On the last Saturday and Sunday in May, I got into a dispute with owners of The Pit Gym in Dickinson after I updated my December 2017 blog post about their gym, and I wrote a new blog post titled “The Beginning Of The Ruining Of The Pit Gym”.
The gym owners strongly disagreed with what I wrote about their gym, and they shared my new blog post with other people. As of today, Monday, this blog post has received about 1,200 views. I believe that the comment numbers are at about 60 comments. About 25 of these comments are my response. Of the remaining 35 comments, many of these comments are from the same people.
Altogether, out of the 1,200 blog post views, about 20 people commented. Though most of the comments were negative and intended to be insulting, there was some exchange of information. I was told many times that there were women power lifters who would kick my ass in the gym.
I looked up the power lifting women record holders to see what their numbers were. All of the women power lifting record holders, except one, had a bench press of about 240 lb or less, a squat of about 450 lb, and a dead lift of about 450 lb.
I was kind of interested to see if I could beat these numbers of the women power lifting record holders. I am 49 years old, and not in very good shape. I didn’t say that I was weak, I said that I was not in very good shape.
I do not like to do squats and deadlifts because I injured my back very badly in 2011, to where I could not walk for more than about 50 feet and sometimes not at all, for several months. It took me one year, to regain about 90% of my back functionality. Here is my back X-Ray from 2011.
Like I said, I do not like to do squat and dead lift exercises. In 2012, I did a lot of stomach and back strengthening exercises, most often doing sit ups and back raises using a bosu ball. One year later, at 90% recovered, someone who had broken their back recommended to me that I take the supplement glucosamine with chondroitin, and this supplement helped me to become almost completely recovered.
After recovering from this back injury, and being able to walk again, for a long time I was protective of my back, and I tried to be careful not to lift anything so heavy that I would injure my back again. Especially not doing squats and deadlifts.
Myself, I was contented to walk 4 to 8 miles, do some leg machine exercises, do some sit ups and stomach crunches, and reverse sit ups, to maintain my leg and back strength. There was no need for me to do squats or deadlifts, being 49 years old now.
I received so many insults from The Pit Gym owners, their friends who they shared my blog post with, other power lifters, and especially women power lifters, that I will now begin again to see how much weight I can build up to in squat, dead lift, and bench, though I have no interest in power lifting, and think that this is a good way to get injured.
Here is where I am at now:
- Flat bench press, 270 lb x one rep
- Incline bench press, 240 lb x one rep
- Seated overhead press, 195 lb x one rep
- Dumbbell press, two 100 lb x six reps
- Prone triceps curls, 135 lb x two reps
- Standing biceps curls, ??
- Dead lift, 345 lb x one rep
- Squat, ??
I did not say that this was a lot of weight, I said that this is where I am at now. I will update this list above, as I make gains.

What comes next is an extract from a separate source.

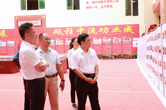海南科技職業(yè)大學(xué)黨委副書記郭萬洲(中)陪同我校黨委書記王承慶、黨委副書記周炳才參觀黨史學(xué)習(xí)教育展覽(黨委宣傳部供圖)

All I was looking for, before the insults, was to get back to 315 lb bench, 265 lb incline bench, 245 lb overhead press, 120 lb x 6 reps dumbbell press, 165 lb prone triceps curls, 135 lb standing biceps curls, which were what I used to do.
When I dead lifted 345 lb today, I had not dead lifted anything in the past seven years. It was not difficult, but I could feel that there were parts of my lower back that were not ready for it. I expect to be able to dead lift 405 lb, in about six weeks, more or less.